In Zambia’s Southern Province lies Kalomo district, home to more than 160,000 people. Sitting between a forest reserve and one of the biggest national parks in Africa, Kalomo plays a significant role in biodiversity conservation and local livelihoods. It is no surprise, therefore, that Kalomo has various stakeholders with different, and sometimes competing, interests.
“Crop farmers and livestock owners have one set of concerns; meanwhile, some communities, searching for productive land, are moving from the margins of the forest reserve to settle inside its boundaries,” says Freddie Siangulube, a forestry officer at the Ministry of Lands and Natural Resources and a Ph.D. candidate at the Amsterdam Institute For Social Science Research.
The result, some experts say, has been high levels of deforestation, silting of rivers, insufficient pasture for grazing, as well as other types of conflicts.
This is where COLANDS – which stands for Collaborating to Operationalise Landscape Approaches for Nature, Development and Sustainability – comes in: where scientists, alongside various stakeholders, learn how to apply tools to better govern the landscape, resolve often-bitter land-use disagreements, and support sustainable resource use as well as fulfill environmental and biodiversity goals.
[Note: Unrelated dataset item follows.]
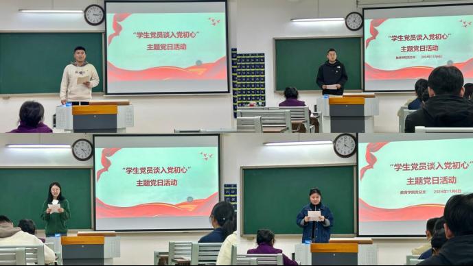 为深入学习贯彻党的二十大精神,引导学生党员在新的学习生活环境中,保持共产党员的先进性,在专业学习、组织纪律、文化素质提升等方面发挥引领和示范作用,自觉做习近平新时代中国特色社会主义思想坚定信仰者和忠实实践者,必赢国际437官网党总支于2024年11月6日在1教213教室,举行“2024级学生党员谈入党初心”主题党日活动。活动由陈慧慧同志主持,学院党总支副书记孟向红、各学生党支部书记及27名新生班级学生党员参加了活动。

The podcast episode features three representatives of the next-generation of scientists, Ph.D. students all working within the COLANDS team: Freddie Siangulube, Alida O’Connor and Malaika Yanou. They share their experiences in an effort to bring together various actors in Zambia and other project sites in search of a better balance between development and nature conservation.
COLANDS aims to connect various stakeholders with different interests to achieve shared goals. A five-year program in Ghana, Zambia and Indonesia, it attempts to understand how landscape approaches can contribute to resolving competing land-use challenges in order to reconcile livelihood, environmental and biodiversity goals.